To avoid this, we assign our hashtable a maximum-allowed load factor (in Java’s HashMap, for example, it’s .75). When \(n\) increases so that the load factor exceeds this value, the array is doubled, and everything is rehashed into the new array (see why the rehashing is necessary?). This keeps it so that the load factor is always less than some constant number, and does not increase with \(n\) (or at least, not for long). The doubling of the array means that this happens less and less often as \(n\) increases. This makes the insert(k,v) into an amortized \(O(1)\) operation. get(k), meanwhile, turns into an average-time \(O(1)\) operation, as the load factor never increases beyond some number. \(O(1)\) and \(O(1)\)! That’s really good!

Now let’s consider linear probing. Here, the logic is actually exactly the same, except that rather than search through a linked list, you search through contiguous filled indices. Again, the insert is amortized \(O(1)\), and get is \(O(1)\)!

Holy crap! Everything is some flavor of O(1)! Why the hell did we just spend this long on Trees? Two reasons. First, in the worst case, everything hashes to the same index, and get and remove are actually O(n). Balanced maps have superior worst-case performance, which is really important for some kinds of applications.

Second, the exact hash functions that are needed to really “spread out” the keys and make the average-case \(O(1)\) lookup a reality are a subject of ongoing research and debate (outside the scope of this course). For small but “reasonable” values of \(n\), it may be that a lightweight \(O(\log(n))\) for trees is actually faster than computing a large, but \(O(1)\) hash function. But also, there are other ADTs…

5 Ordered Map

Ordered Maps are just an extension of Maps, with a few extra methods.

  • first() - returns the element with the smallest key.

  • last() - returns the element with the largest key.
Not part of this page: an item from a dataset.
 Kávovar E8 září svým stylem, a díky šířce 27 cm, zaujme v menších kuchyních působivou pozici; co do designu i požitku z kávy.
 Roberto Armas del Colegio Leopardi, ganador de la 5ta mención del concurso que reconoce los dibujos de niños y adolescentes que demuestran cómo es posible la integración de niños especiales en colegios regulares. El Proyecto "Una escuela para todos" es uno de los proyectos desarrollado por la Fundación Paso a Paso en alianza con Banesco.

  • next(k) - returns the element with the smallest key larger than k.

  • prev(k) - returns the element with the largest key smaller than k.

Let’s first look at the naive implementations:

Unsorted Linked List Sorted Array
get(key) O(n) O(log n)
insert(key,value) O(1) O(n)
first() O(n) O(1)
last() O(n) O(1)
next(k) O(n) O(log n)
prev(k) O(n) O(log n)

Caution: if you’re thinking that first and last could be \(O(1)\) for a linked list if we only kept track of the smallest and largest things as we add them, think again! The problem is that you can also have removals (by setting a key’s value to null), and then if you remove the largest thing you’re stuck!

6 Trees

Obviously, we’re going to assume that we’re using some flavor of our self-balancing trees: AVL, 2-3-4, Red-Black, or something else. These different flavors have slightly different heights, but these heights are all O(log n).
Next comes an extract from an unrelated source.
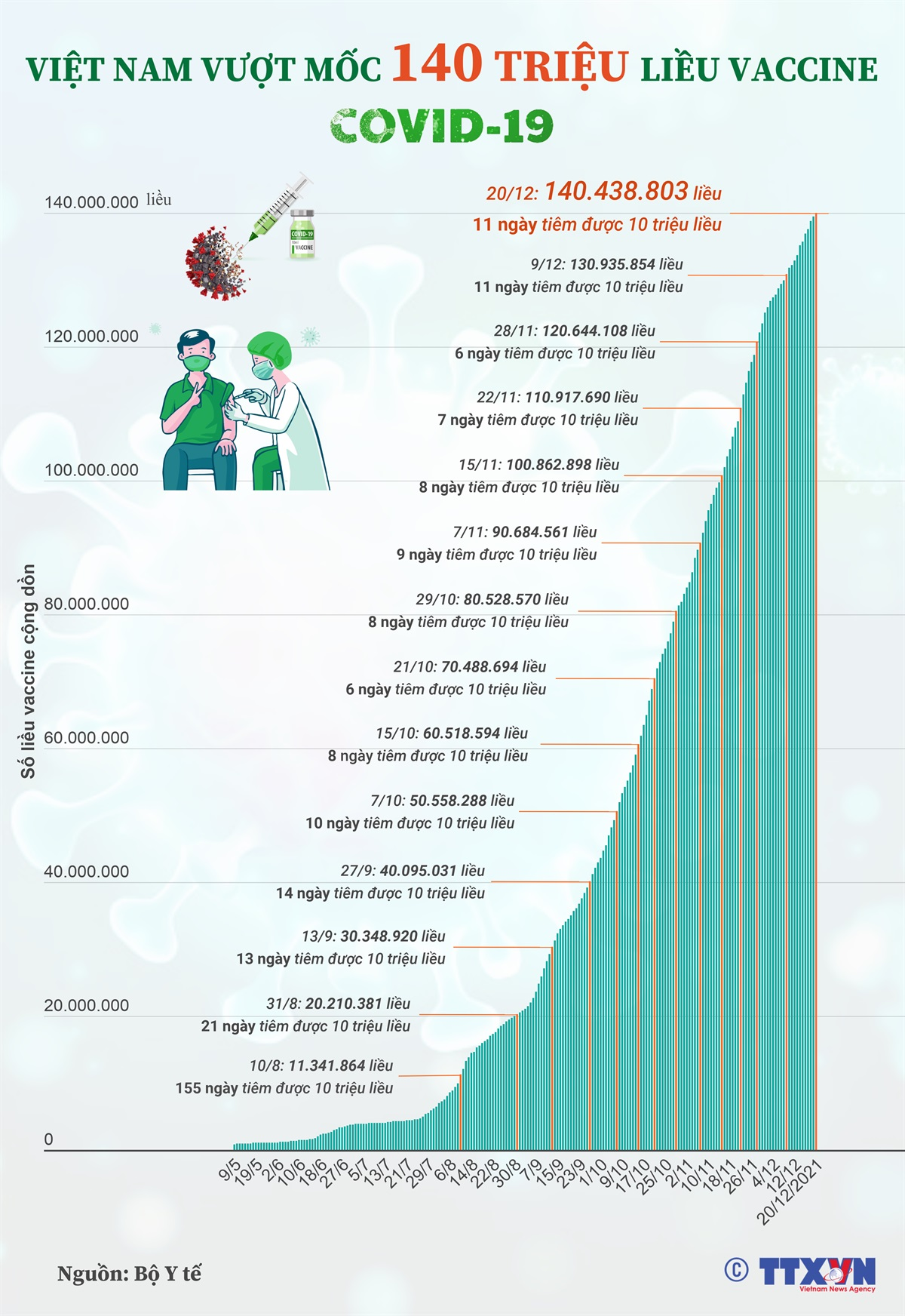 Tính tới ngày 20/12/2021, Việt Nam đã vượt hơn 140,4 triệu liều tiêm vaccine phòng COVID-19. Tổng số tiêm 1 mũi là 76.115.342 liều, tiêm mũi 2 là 62.959.544 và tiêm mũi 3 (tiêm bổ sung/tiêm nhắc và mũi 3 của vaccine Abdala) là 1.363.917 liều.. Riêng trong ngày 20/12/2021 có 981.748 liều vaccine phòng COVID-19 được tiêm.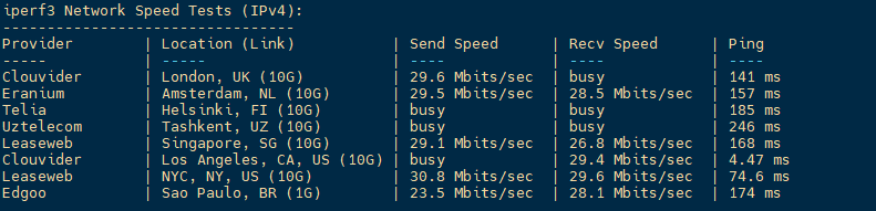 iperf3测试欧美节点的数据:

So, insert, get, and remove are easy - they’re all O(log n). Let’s consider our new methods.

Hopefully, you can write first() - it’s just findMin(root). How long does this take? In the worst case, O(log n). last() is the same thing, just findMax.

To calculate next(k) (or prev(k)), we first have to find k, which is O(log n). If the node containing k has a right child, next() is found in findMin(n.getRight()). If it doesn’t, it’s the Node we most recently took a left at. In either case, that’s an additional O(log n), in the worst case, making next and prev also O(log n).

7 Hashtables

Remember that if we have a well-built hash table, on average, we have O(1) performance in insert, get, and remove. Worst-case, we have O(n) for get and remove, while insert can still be O(1).
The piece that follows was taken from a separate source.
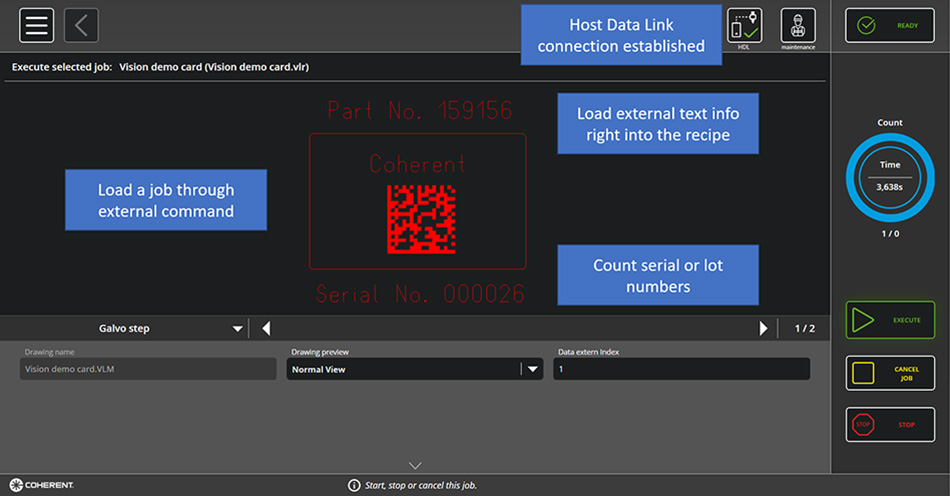 Laser FrameWork를 사용하면 다른 프로덕션 시스템에 레이저 머신을 연결하고 모든 종류의 데이터를 교환하는 과정이 간단해집니다. 이를 통해 호스트 또는 MES 시스템과 같은 더 높은 수준의 통제 시스템의 명령을 사용하여 작업을 통제하고 일련 번호와 같은 개인별 제품 데이터를 제공하고 추적 가능성 목적을 위해 데이터를 수집할 수 있습니다.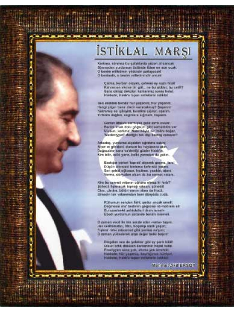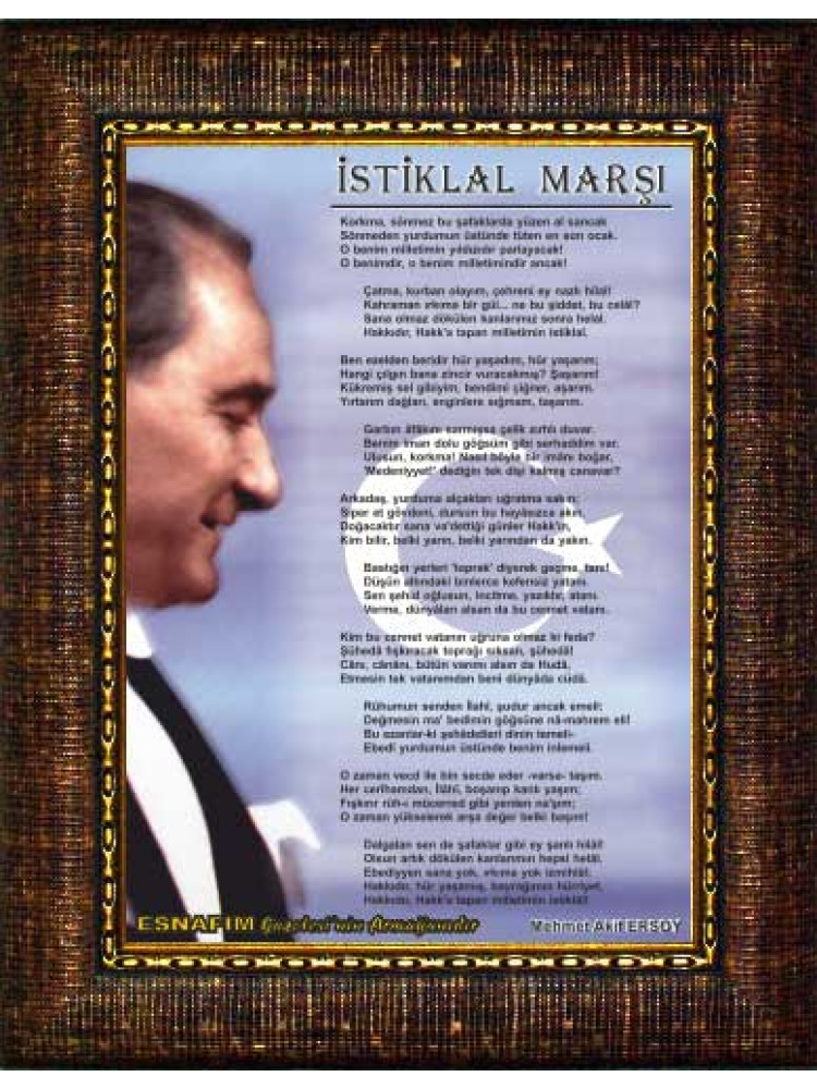 Yüksek çözünürlükte net ve kaliteli basılmış en güzel istiklal marşı resmini okul, ofis, makam odası ve resmi kurumlar için çerçeveli resim olarak büyük boy satın alabilirsiniz.

How long does first() or last() take? Unfortunately, because we have a good hash function that scatters hashes all over our array, we have NO clues as to where the smallest or largest keys might be. So, there’s no better way to do this than just iterate through and look at everything. O(n).

Similarly, we have no guarantee that two keys that are close to each other will be hashed close to each other. So, again, we have to look at everything. O(n).

8 Performance Overview

Balanced Tree Hash Table
get(key) O(log n) O(1) average,O(n) worst-case
insert(key,value) O(log n) amortized O(1)
first() O(log n) O(n)
last() O(log n) O(n)
next(k) O(log n) O(n)
prev(k) O(log n) O(n)